Building upon these methodologies, this study presents a novel DL model that combines CNN with Swin transformer for reliable categorization of infection in DFUs from patient foot images. This represents the first-ever application of a hybrid model a combination of CNN with Swin transformer model for infection detection in DFUs. We evaluated the suggested model’s efficacy by contrasting it with many baseline models on a range of performance measures, including accuracy, recall, precision, F1-score, MCC, and AUC-ROC. The goal of this study was to create an automated deep learning system that would enable medical professionals to classify infections in DFU quickly and accurately. Utilizing its attention-based architecture, the Shifted Window (Swin) Transformer [26] excels in image classification tasks, offering state-of-the-art results. As a Vision Transformer (VIT) network grounded in self-attention, its application in hyperspectral image (HSI) classification is limited. To adapt it for HSI classification, the structure was modified. By integrating the single-stage Swin Transformer into the network architecture, specifically leveraging its attention module, the aim is to enhance DFU classification accuracy and robustness.

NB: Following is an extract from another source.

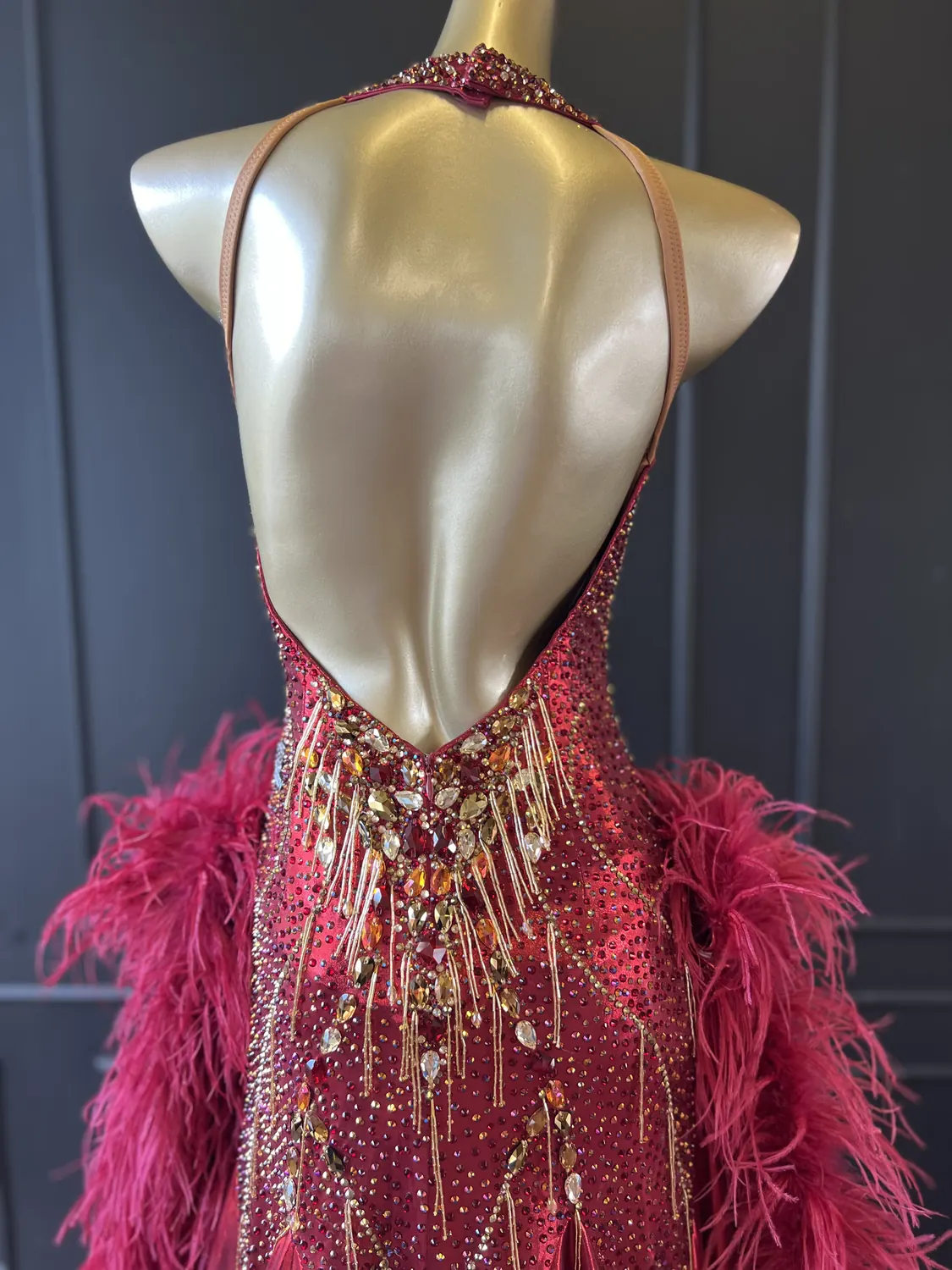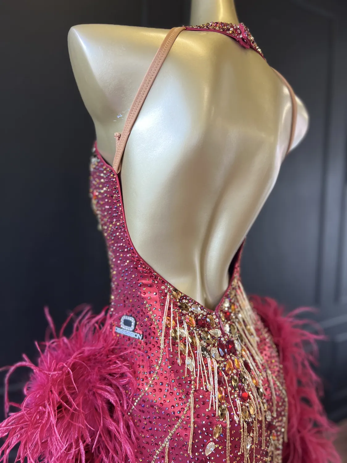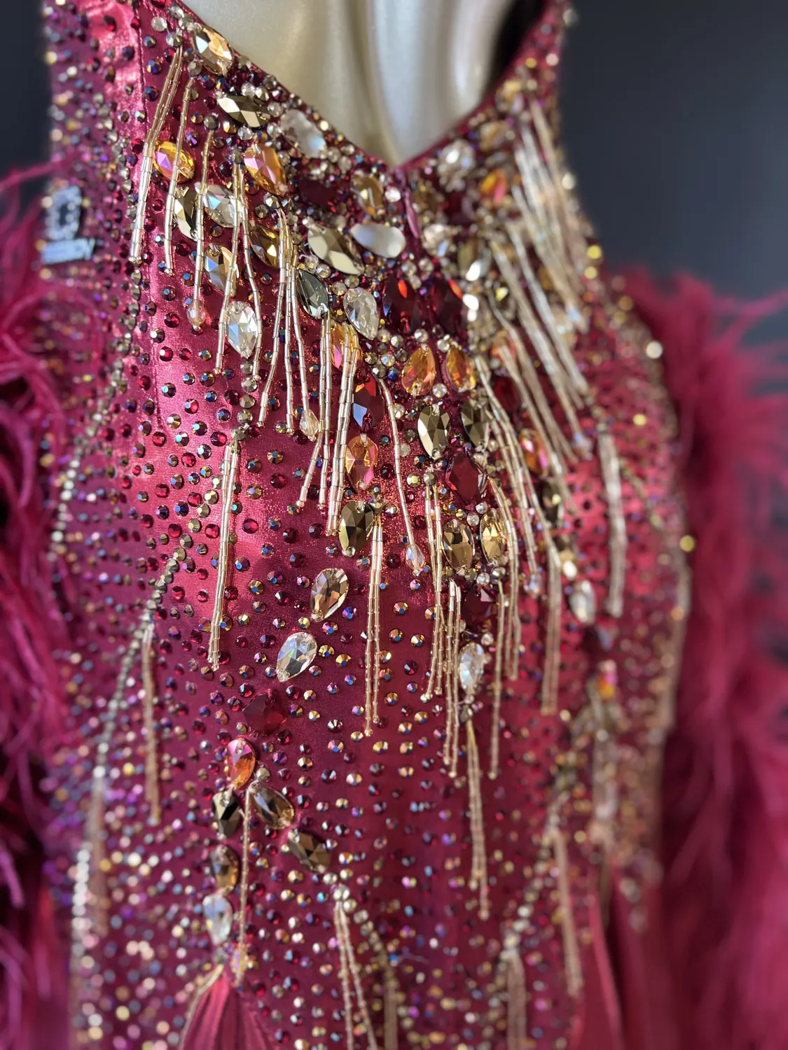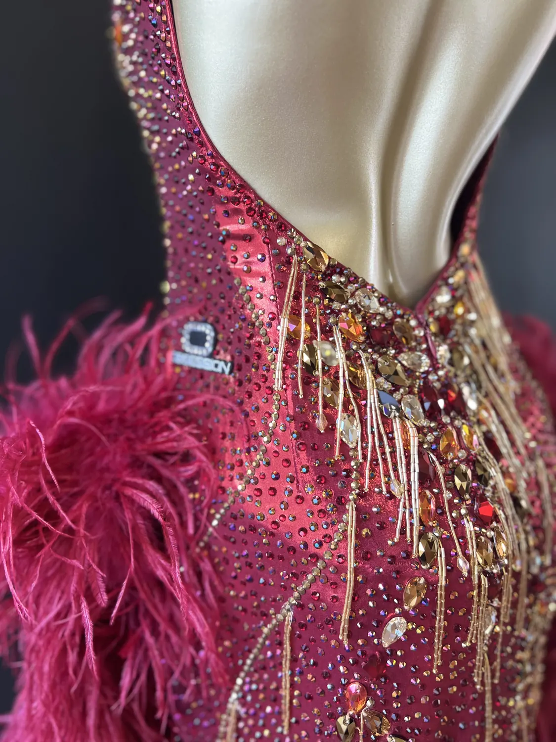 The bodice of this dress is made from metallic lycra which has limited additional stretch. The dress is also heavily stoned which further restricts the stretch. Therefore, this dress is best suited to a UK size 10 dancer. This dress has secure poppers at the gusset.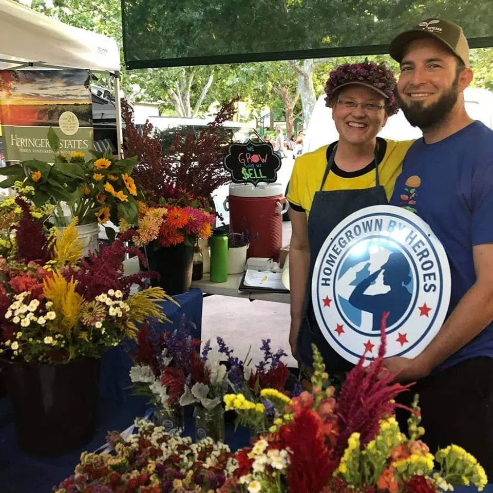 Rusty Halvorson Nov 22, 2021 Former Marine Cal Zamora and wife Aubrianne own and operate Zamora Flora, a Homegrown By Heroes certified specialty cut flower farm in Winters, Calif. (photo: Farmer Veteran Coalition)

The experiments demonstrate the effectiveness of Transformer-based architectures in DFU image classification, even with small datasets, without complex model designs.
The notable contributions of this research endeavor are outlined as follows.
The block6a_expand_activation mid-layer of the Efficient Net-B0 model is integrated by the Swin DFU network into the Swin Transformer Blocks, removing the requirement for manual intervention and specialized knowledge. Swin DFU-Net autonomously acquires relevant features, showcasing superior accuracy compared to existing methods while maintaining operational efficiency. The hybrid model streamlines workflow by combining feature extraction and classification into a cohesive process, ensuring high performance in classifying infection-positive and infection-negative images with minimal misclassification. On a sizable DFU dataset, Swin DFU applies a delineation-free feature acquisition technique, exhibiting mastery by extracting pertinent features straight from the full image without the need for operator intervention or further segmentation procedures.
This research study follows the following structure: Section 2 delves deeply into the Swin DFU framework and covers data preprocessing and model building techniques. In Section 3, the experimental results are presented together with a comprehensive explanation and a complete description of the dataset and metrics employed. Section 4 provides a summary of the study’s limits and comments, and Section 5 concludes this research work.
For clinical purposes, creating an accurate diagnosis system to classify DFU is a difficult undertaking. This section explains how we combined global and local context information using a Shifted Window Transformer to provide a hybrid Swin DFU framework for the infection classification problem. The planned Swin DFU-Net framework is depicted on Fig. 1. The framework does the following tasks: DFU sample extraction, label loading, sample pre-processing, sample splitting, data augmentation, training with Swin transformer (using the efficient model’s output as input), and statistical parameter analysis on the test set. Algorithm 1 provides a step-by-step flow of Swin DFU net classification task.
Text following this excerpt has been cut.